コンタクトレンズではなくメガネタイプのため、これまでメガネを使用していたお子さまにも取り入れやすいことが特徴です。通常のメガネレンズと見た目が大きく変わらず、普段の学校生活や日常生活で装用できます。
ミヨスマートの購入には医師による眼鏡処方箋が必要ですので、当院で調節麻痺剤を用いた屈折検査を行い、処方箋を発行いたします。そちらを眼鏡屋さんにお持ちいただき眼鏡を作製するという流れです。調節麻痺剤により2日程度はまぶしくなったり、ピントが合いづらくなります。

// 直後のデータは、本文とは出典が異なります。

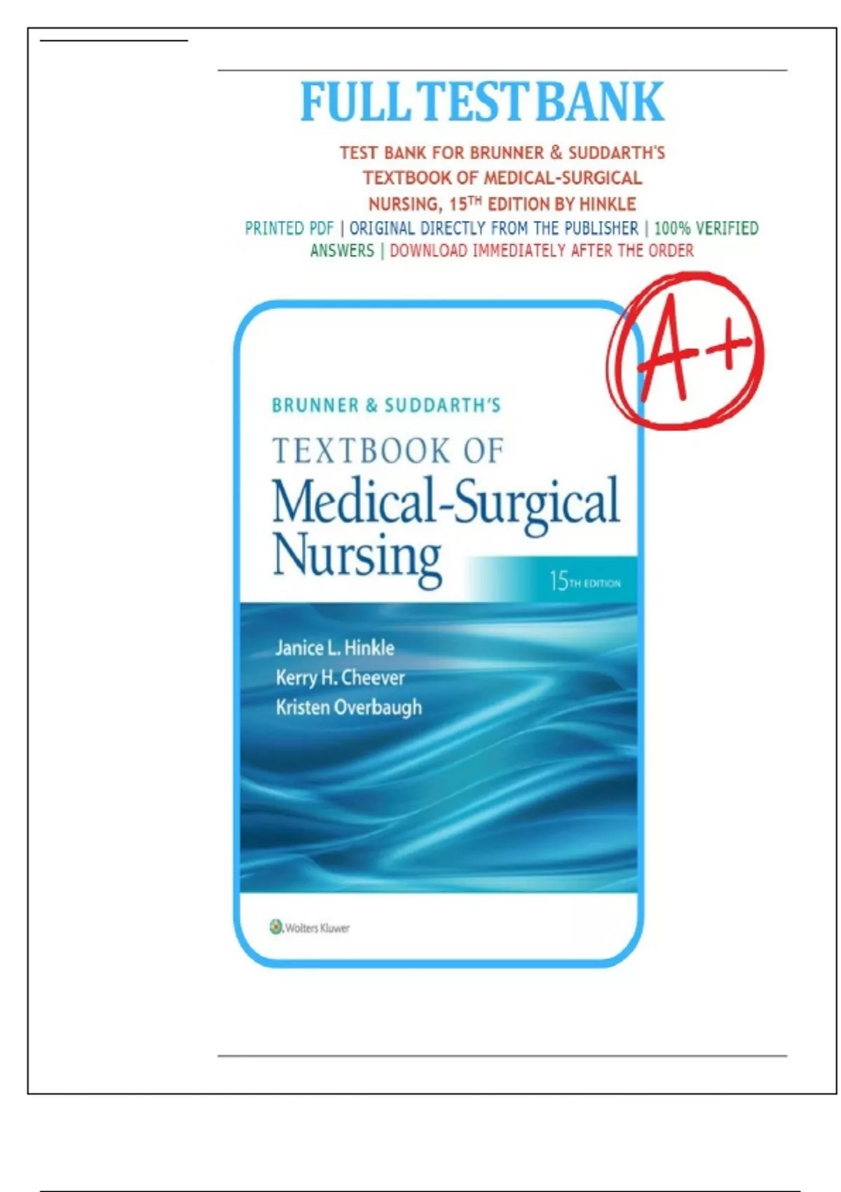 ******** INSTANT DOWNLOAD AS PDF FILE ******** Test Bank for Brunner & Suddarth's Textbook of Medical-Surgical Nursing, 15th Edition by Janice L Hinkle, Kerry H. Cheever, Et al. | 9781975161033 | | Chapter 1-68 | Complete Questions and Answers A+ Test Bank for Brunner & Suddarth's Textbook of Medical-Surgical Nursing, 15th Edition by Janice L Hinkle, Kerry H. Cheever, Et al. | 9781975161033 | | Chapter 1-68 | Complete Questions and Answers A+ Test Bank for Brunner & Suddarth's Textbook of Medical-Surgical Nursing, 15th Edition by Janice L Hinkle, Kerry H. Cheever, Et al. | 9781975161033 | | Chapter 1-68 | Complete Questions and Answers A+

ミヨスマートのレンズの中央部分では、一般的なメガネと同様に近視を矯正し、遠くを見やすくします。
その周囲は、+3.50Dの小さなレンズを多数配置したDIMS(Defocus Incorporated Multiple Segments)という特殊な光学設計となっています。これにより、網膜周辺ではピントを手前にずらすこと(近視性デフォーカス)で眼軸が伸びにくい環境を整え、近視の進行を抑制する仕組みです。
お風呂に入る時や寝る時など以外はミヨスマートをして、出来るだけ終日装用した方が効果的です。
また、近視が進行して眼鏡が合わなくなっていないか、年1回の調節麻痺剤を用いた屈折検査が必要になります。